The ubiquitin-proteasome system (UPS) is responsible for most of the protein degradation in mammalian cells which represents a particular challenge in cancer cells that commonly have heightened protein stress. The AAA+ ATPase p97 is a central component of the UPS, where it functions in concert with its co-factors to bind and unfold ubiquitinated substrates from various cellular locations, including DNA break sites.
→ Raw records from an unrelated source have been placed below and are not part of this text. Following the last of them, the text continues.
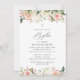 Invite friends and family in style and set the tone for your special day with this elegant baptism invitation. Design features pink and white watercolor flowers and greenery on white background.
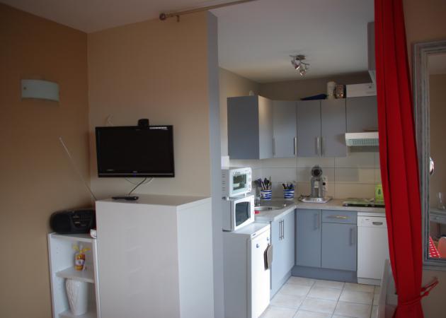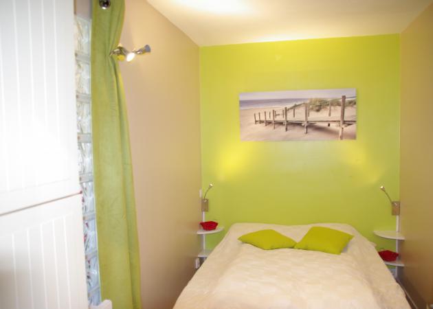 4 couchages. 1 chambre avec lit 2 places (140) et un canapé lit 2 places (140) dans le séjour.
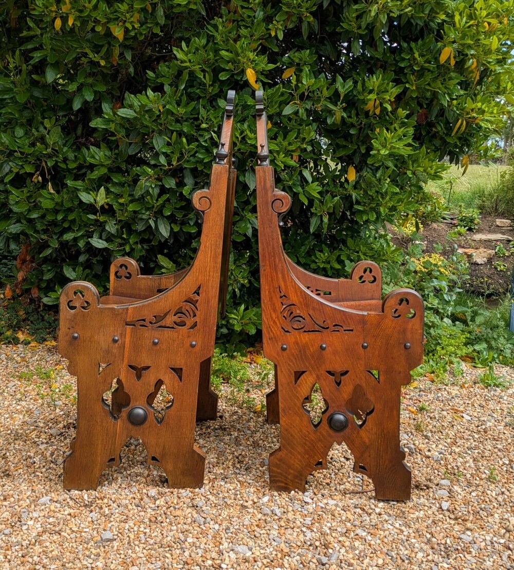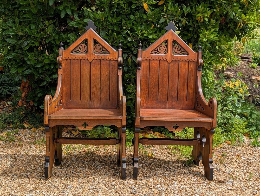 Pair of Gothic Oak Armchairs 19th Century
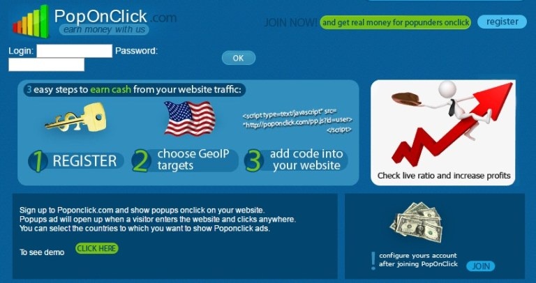 Poponclick is an online popup advertising platform or network that

The work in this thesis demonstrates that p97 functionally interacts with one of the main DNA double-strand break (DSB) repair complexes, MRE11-RAD50-NBS1 (MRN), and influences DSB repair pathway choice by disassembling MRN from chromatin after ionising radiation (IR). Inactivation of p97 blocks MRN complex disassembly from chromatin and sites of DNA damage upon IR, which results in excessive MRE11-mediated DNA end resection, leading to defective error-free homologous recombination (HR) and upregulation of the mutagenic single-strand annealing (SSA) pathway, resulting in cancer cell radiosensitivity. Mechanistically, p97 inhibition causes radiosensitivity through MRE11 nuclease accumulation, and cancer cell survival after IR is rescued when MRE11 is inactivated in combination with p97 inhibition. Furthermore, the small molecule ATPase inhibitor of p97, CB-5083, is well-tolerated and causes tumour cell killing after IR in vivo. These results suggest that p97 inhibitors might be used to improve cancer radiotherapy outcomes.